Steve Lewis
August 8th, 2008, 04:51 PM
So,
I have been doing some time lapse photography and dragging the stills from the dslr camera into FCP as a numbered sequence, with each still lasting 1 frame. One weird thing is that when I drag the stills (about 460) into my ProRes422 timeline, the first 150 are render-status green and the rest are red (in need of render). My question is why would some be "previewable" and some not?
Mike Hanlon
August 8th, 2008, 06:36 PM
I have a similar problem when I import a bunch of stills as animation (like from the original jump backs) in a DV timeline. I think it has to do with a cache the FCP keeps for stills. I tried adjusting the cache, but I just made it worse.
My solution is to export the timeline as a movie and import it back.
Tim Dashwood
August 8th, 2008, 06:55 PM
The best way to handle timelapse stills is to use Quicktime Player Pro and "Open Image Sequence."

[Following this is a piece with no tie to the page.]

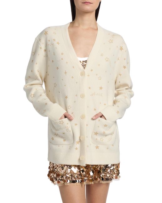 LoveShackFancy's Mar cardigan is crafted of a wool blend and features shimmering star embroidery. V-neck Drop shoulders Long sleeves Side patch pockets Rib-knit trim Button-front closure 85% wool/6% polyester/5% cashmere/4% metallic fibers Dry clean only Imported SIZE & FIT About 27.5" from shoulder to hem Model measurements: 5'10" tall Model is wearing a US size Small. Contemporary Sportswear - Trend > Loveshackfancy > Saks Fifth Avenue. LoveShackFancy. Color: Golden Star. Size: XS.
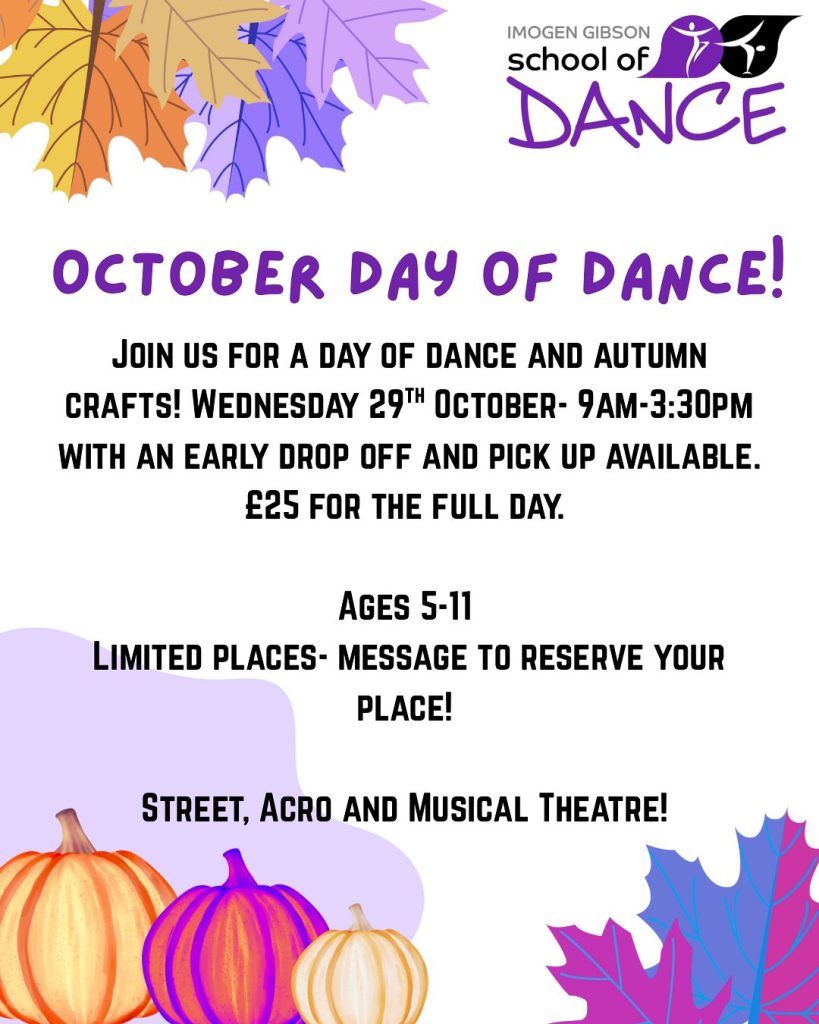 Just a reminder of dates for your diaries! We are now taking names for our two days of dance! Wednesday 29th October & Monday 22nd December! More information will be released by the end of the week!

Then just save it as a quicktime (the original format and frame size will be maintained) and just drag into FCP.
Steve Lewis
August 8th, 2008, 07:01 PM
I'll use QT Pro in the future....
In the mean time, I tried one today (there were no clouds so it isnt very interesting) and the sky came out all patchy and blotchy: www.vimeo.com/1494210
Why does it look like that? It looks good in FCP...
-Steve
Liam Hall
August 10th, 2008, 07:11 AM
I'll use QT Pro in the future....
In the mean time, I tried one today (there were no clouds so it isnt very interesting) and the sky came out all patchy and blotchy: www.vimeo.com/1494210
Why does it look like that? It looks good in FCP...
-Steve
Those blotches are compression artifacts.
Steve Lewis
August 11th, 2008, 02:54 AM
Thanks Liam,
Is there a way I can get around that? Increase the bitrate maybe?
-Steve
Matias Baridon
August 11th, 2008, 10:18 AM
I'll use QT Pro in the future....
In the mean time, I tried one today (there were no clouds so it isnt very interesting) and the sky came out all patchy and blotchy: www.vimeo.com/1494210
Why does it look like that? It looks good in FCP...
-Steve
How did you shoot that Time Lapse? Did you use still pictures? Did you make each picture 1 frame long??
Liam Hall
August 12th, 2008, 04:25 AM
Thanks Liam,
Is there a way I can get around that? Increase the bitrate maybe?
-Steve
Yes, you could try a higher bit rate. You can upload quite large file sizes to Vimeo, so don't hold back. You could also try a different codec though,
all codecs that use GOPs suffer to some degree from this time of problem, just look at a fade to black on a DVD.
Have a look at my minireel on Vimeo, I used the H264 codec at about 70% quality;
http://www.vimeo.com/1297303
There are quite a few timelapse shots on it and you'll see you can get rid of that banding.